> How to complete this task:
Lines from the one with "Members plan their bids" up to and including the one with "by Anish Kapoor" are to be copied exactly from the records below, without their pictures.

> Task input:
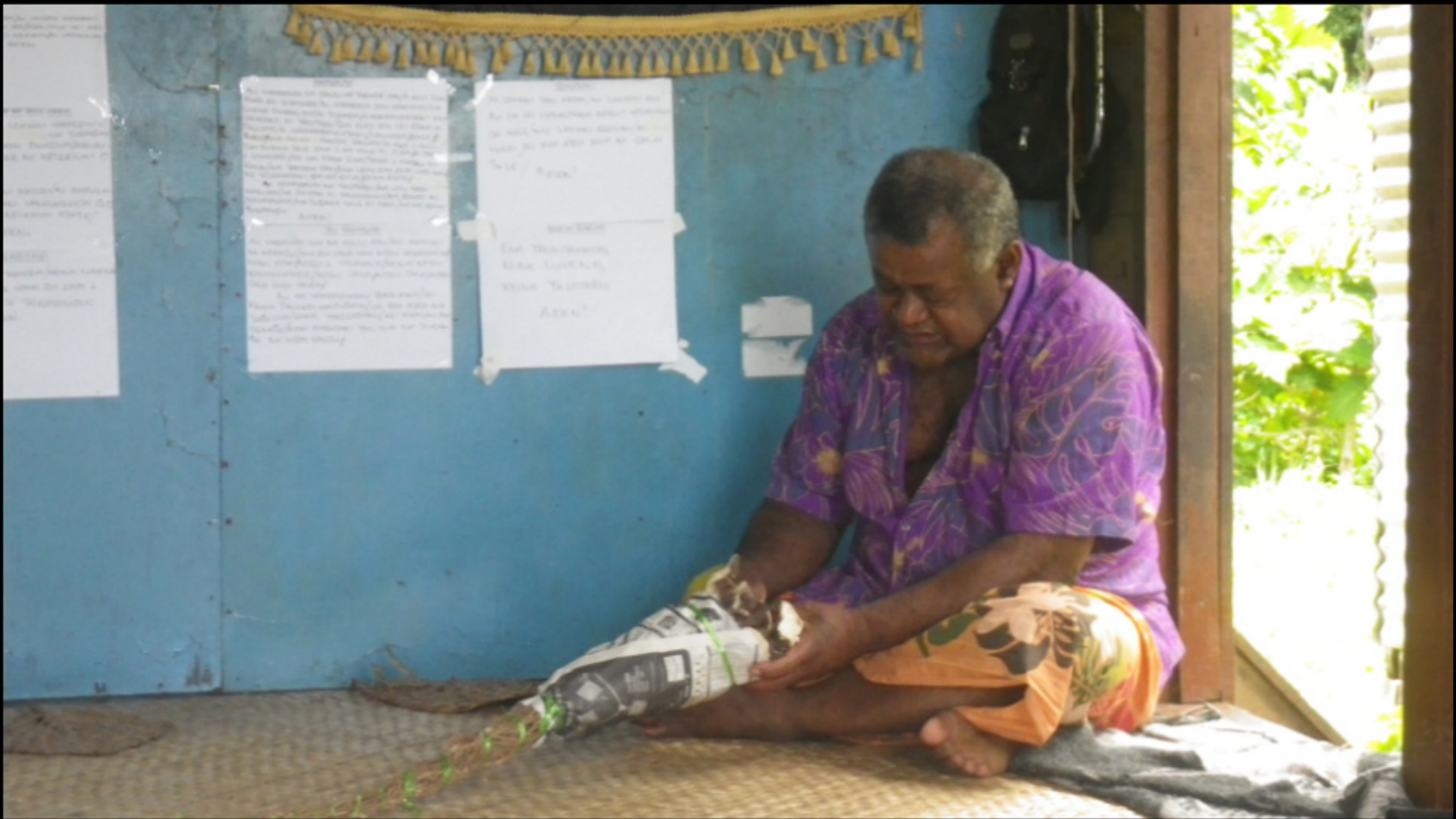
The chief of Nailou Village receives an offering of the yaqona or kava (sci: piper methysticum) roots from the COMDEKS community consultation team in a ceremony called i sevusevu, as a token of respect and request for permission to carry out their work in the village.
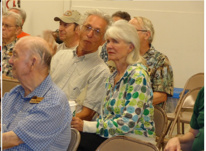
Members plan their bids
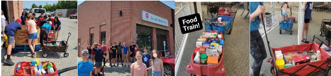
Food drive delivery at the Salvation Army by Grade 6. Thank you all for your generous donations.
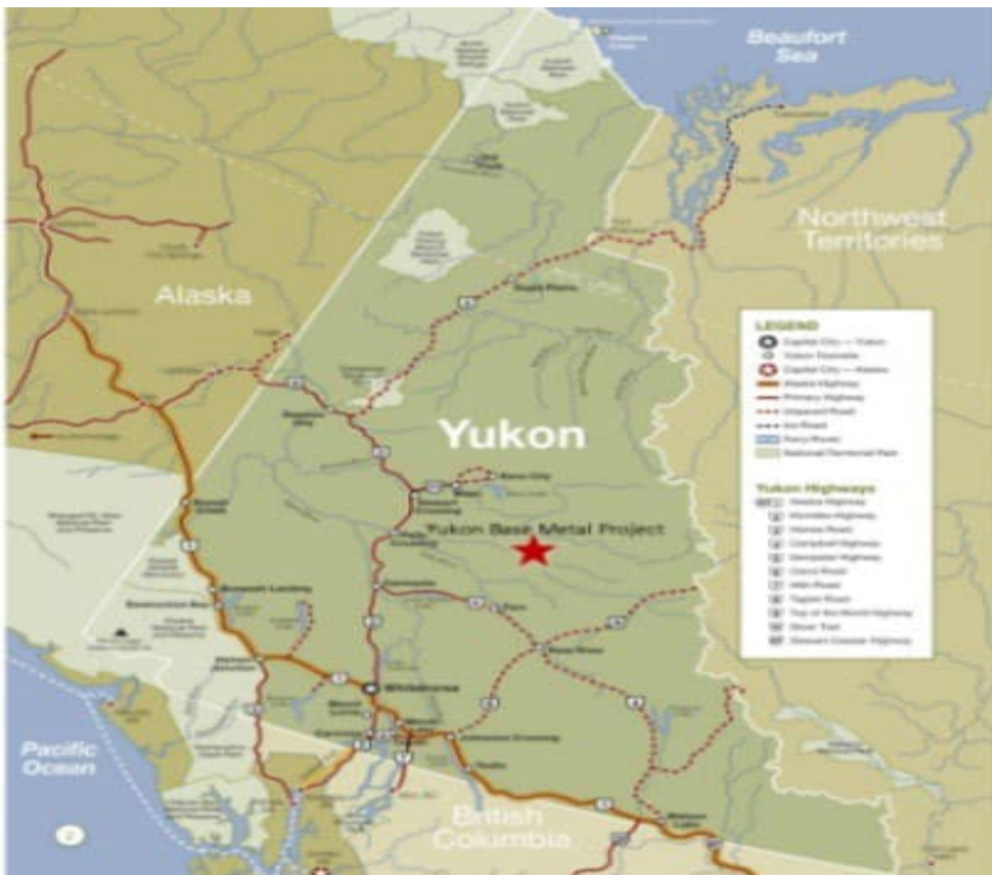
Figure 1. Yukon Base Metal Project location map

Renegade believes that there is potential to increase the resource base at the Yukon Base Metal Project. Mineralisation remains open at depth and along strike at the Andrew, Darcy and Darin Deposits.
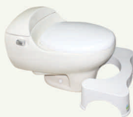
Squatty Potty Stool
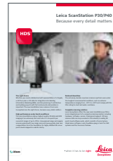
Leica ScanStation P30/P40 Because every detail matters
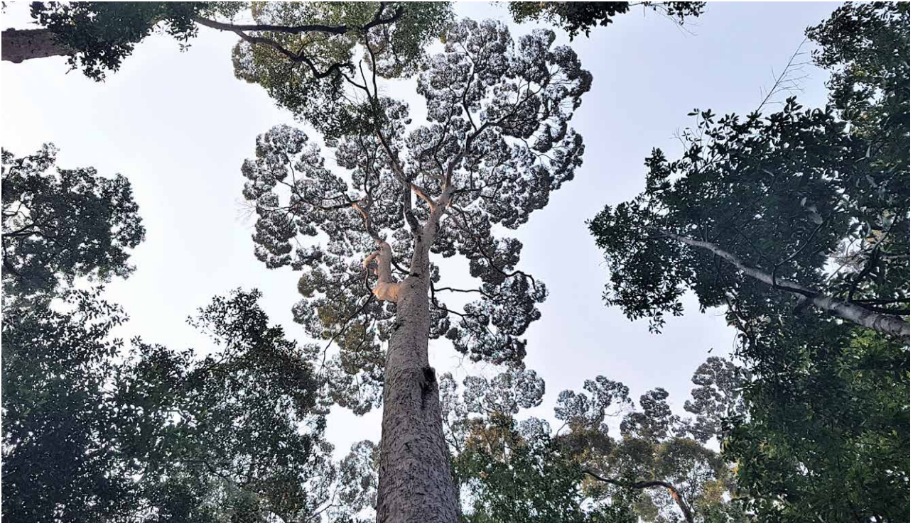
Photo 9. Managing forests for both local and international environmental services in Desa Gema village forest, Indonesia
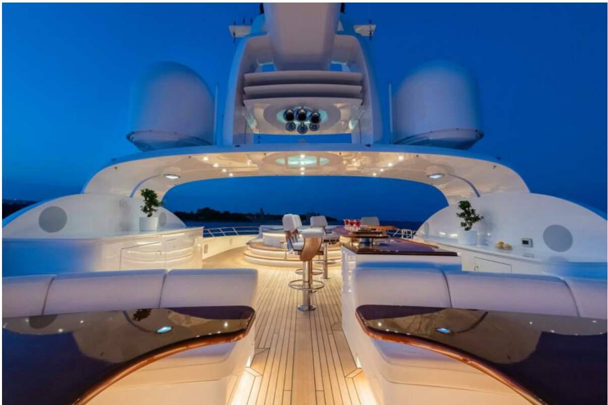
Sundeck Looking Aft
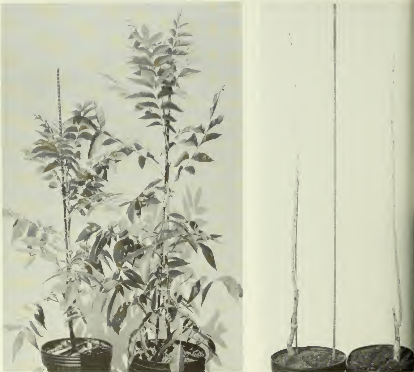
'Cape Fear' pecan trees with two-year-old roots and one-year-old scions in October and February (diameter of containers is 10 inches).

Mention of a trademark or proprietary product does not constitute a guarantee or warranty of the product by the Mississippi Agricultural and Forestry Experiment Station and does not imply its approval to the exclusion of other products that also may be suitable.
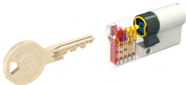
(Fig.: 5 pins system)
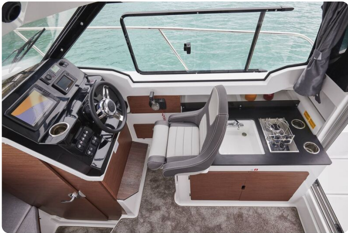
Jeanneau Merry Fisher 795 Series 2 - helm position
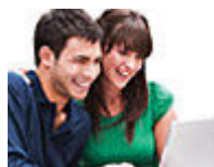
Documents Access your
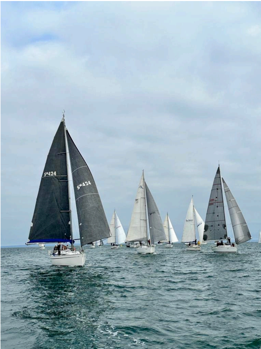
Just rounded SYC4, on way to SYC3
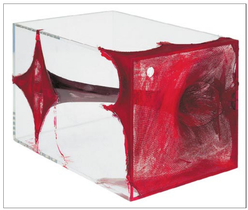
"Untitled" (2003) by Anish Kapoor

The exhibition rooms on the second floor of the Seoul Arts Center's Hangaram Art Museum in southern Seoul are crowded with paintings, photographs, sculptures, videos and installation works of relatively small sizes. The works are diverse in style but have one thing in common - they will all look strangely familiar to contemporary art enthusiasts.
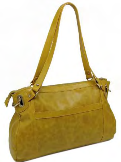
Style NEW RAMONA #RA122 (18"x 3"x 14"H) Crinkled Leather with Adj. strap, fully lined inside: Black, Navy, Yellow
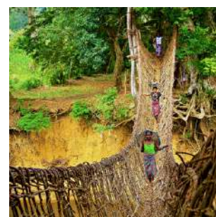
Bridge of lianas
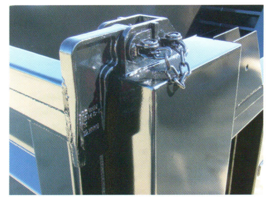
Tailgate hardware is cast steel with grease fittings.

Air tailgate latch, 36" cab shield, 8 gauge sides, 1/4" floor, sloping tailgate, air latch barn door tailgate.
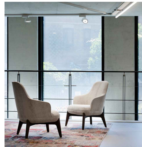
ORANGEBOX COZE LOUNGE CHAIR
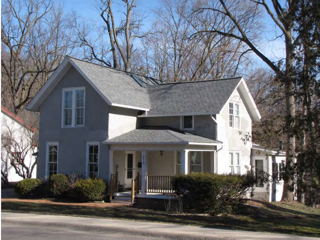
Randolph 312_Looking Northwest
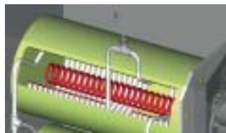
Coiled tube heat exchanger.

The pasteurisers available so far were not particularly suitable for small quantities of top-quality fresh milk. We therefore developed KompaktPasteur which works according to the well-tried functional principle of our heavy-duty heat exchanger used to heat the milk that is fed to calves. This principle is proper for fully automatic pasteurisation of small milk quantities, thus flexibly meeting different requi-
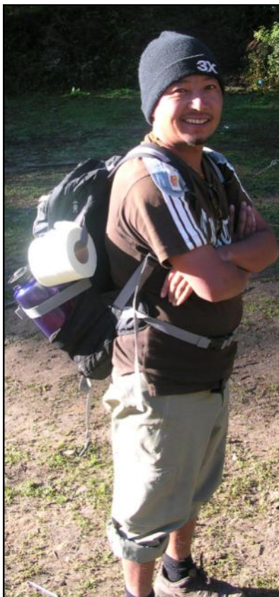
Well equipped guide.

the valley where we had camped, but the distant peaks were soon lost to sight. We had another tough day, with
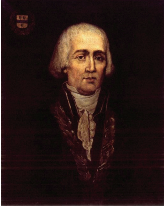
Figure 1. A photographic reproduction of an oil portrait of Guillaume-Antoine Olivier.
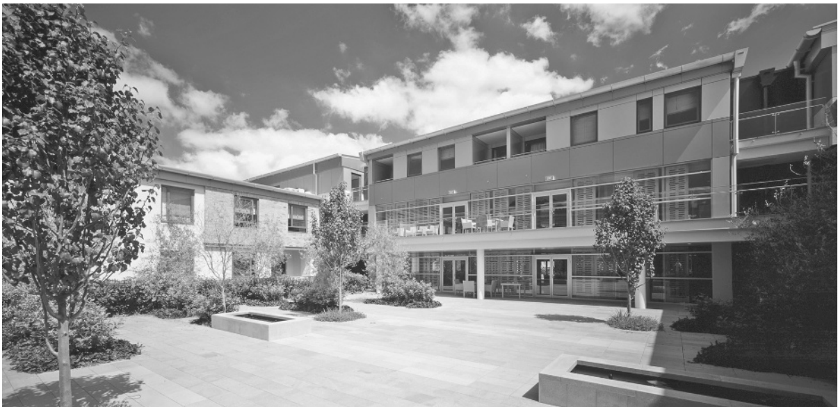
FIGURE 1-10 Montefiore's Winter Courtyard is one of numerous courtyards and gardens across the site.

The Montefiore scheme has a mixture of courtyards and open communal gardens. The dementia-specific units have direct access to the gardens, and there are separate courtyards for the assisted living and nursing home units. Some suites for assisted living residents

> Result for this exercise:
Members plan their bids
Food drive delivery at the Salvation Army by Grade 6. Thank you all for your generous donations.
Figure 1. Yukon Base Metal Project location map

Renegade believes that there is potential to increase the resource base at the Yukon Base Metal Project. Mineralisation remains open at depth and along strike at the Andrew, Darcy and Darin Deposits.
Squatty Potty Stool
Leica ScanStation P30/P40 Because every detail matters
Photo 9. Managing forests for both local and international environmental services in Desa Gema village forest, Indonesia
Sundeck Looking Aft
'Cape Fear' pecan trees with two-year-old roots and one-year-old scions in October and February (diameter of containers is 10 inches).

Mention of a trademark or proprietary product does not constitute a guarantee or warranty of the product by the Mississippi Agricultural and Forestry Experiment Station and does not imply its approval to the exclusion of other products that also may be suitable.
(Fig.: 5 pins system)
Jeanneau Merry Fisher 795 Series 2 - helm position
Documents Access your
Just rounded SYC4, on way to SYC3
"Untitled" (2003) by Anish Kapoor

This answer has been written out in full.